VIACHA — Duas explosões atingiram na sexta-feira (4) o Regimento Bolívar, instalação militar da Bolívia onde era armazenado material pirotécnico. O Ministério da Defesa confirmou duas mortes e 81 feridos, sendo duas pessoas em estado grave.
As detonações ocorreram por volta das 14h30 locais, ou 15h30 no horário de Brasília, em Viacha, 30 quilômetros ao sudoeste de La Paz. A primeira explosão teria envolvido pólvora negra. A segunda, de magnitude muito maior, ainda tem causa e material não identificados, informou o ministro da Defesa, Ernesto Justiniano.
O Ministério da Defesa esclareceu que nenhum tipo de armamento bélico foi detonado. A instituição também informou que o Ministério Público abriu uma investigação penal por homicídio culposo, lesões culposas e outros estragos.
Buscas por militares
Quatorze militares que estavam no setor atingido não foram localizados. O grupo é formado por um sargento, funcionário das Forças Armadas, e 13 recrutas de 18 e 19 anos que cumprem um ano de serviço militar obrigatório.
O coronel Antonio Amaru, comandante do Regimento Bolívar, afirmou que os trabalhos de busca, resgate e remoção de escombros continuam. Os mortos e desaparecidos são militares que servem na instalação.
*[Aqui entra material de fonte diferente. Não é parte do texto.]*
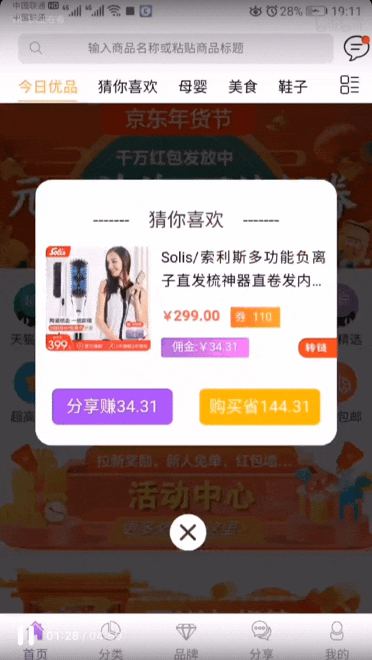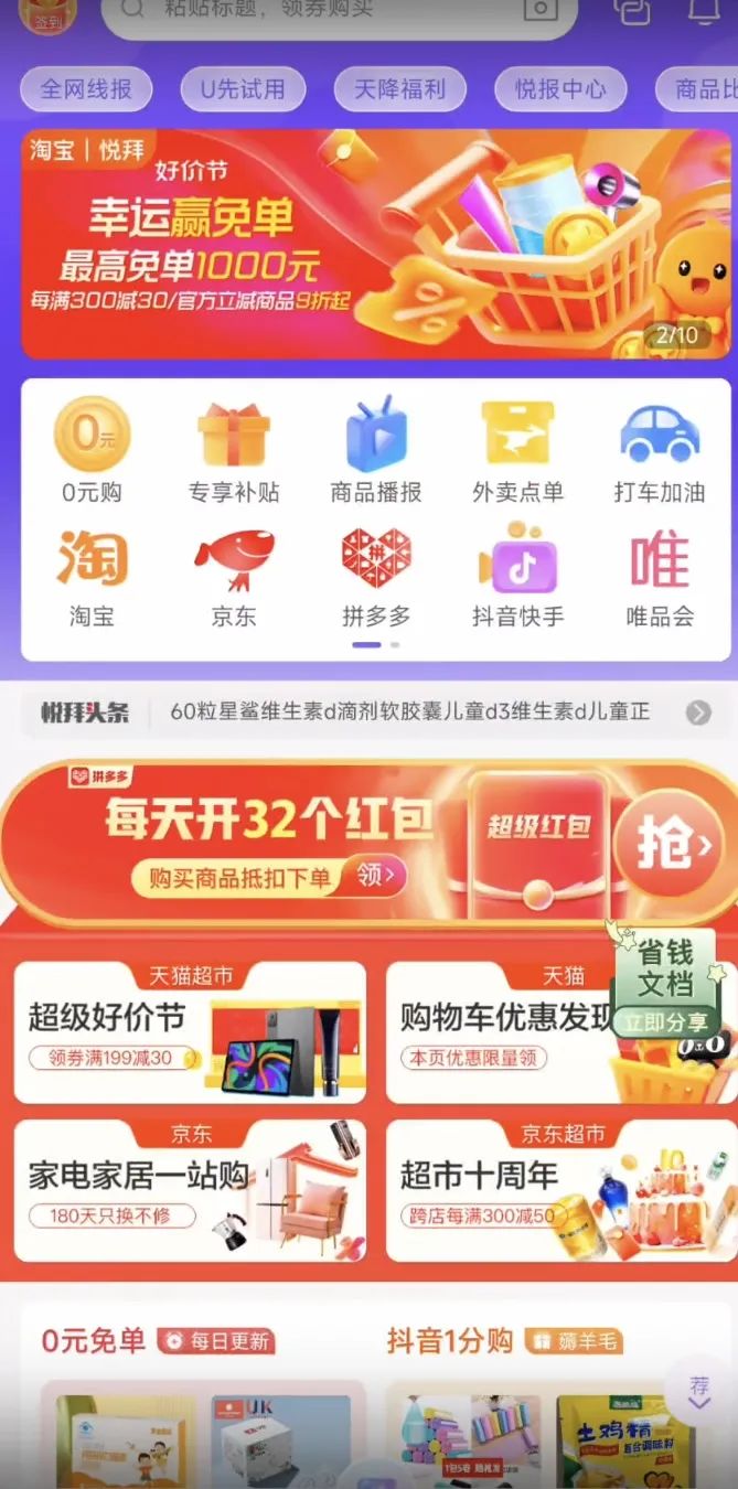 用户不僅可以通過悦拜APP領取優惠券省錢購物,還可以通過分享商品賺取佣金,實現購物省錢與賺錢並存。

Moradores foram levados para um abrigo temporário. Justiniano disse que ainda não era prudente o retorno às casas, porque moradias foram afetadas pela onda de choque. O fornecimento de energia elétrica também foi interrompido na área.
Casas tiveram janelas destruídas, e escombros foram lançados pelo ar. Uma coluna de fumaça preta subiu no meio da cidade. Bombeiros usaram caminhões-pipa para reduzir os focos de calor.
O coronel Roger Roca, porta-voz da polícia, afirmou que o incidente estava sob controle. O presidente Rodrigo Paz manifestou solidariedade às famílias e determinou uma investigação técnica e transparente para esclarecer as causas, verificar os protocolos de segurança e definir responsabilidades.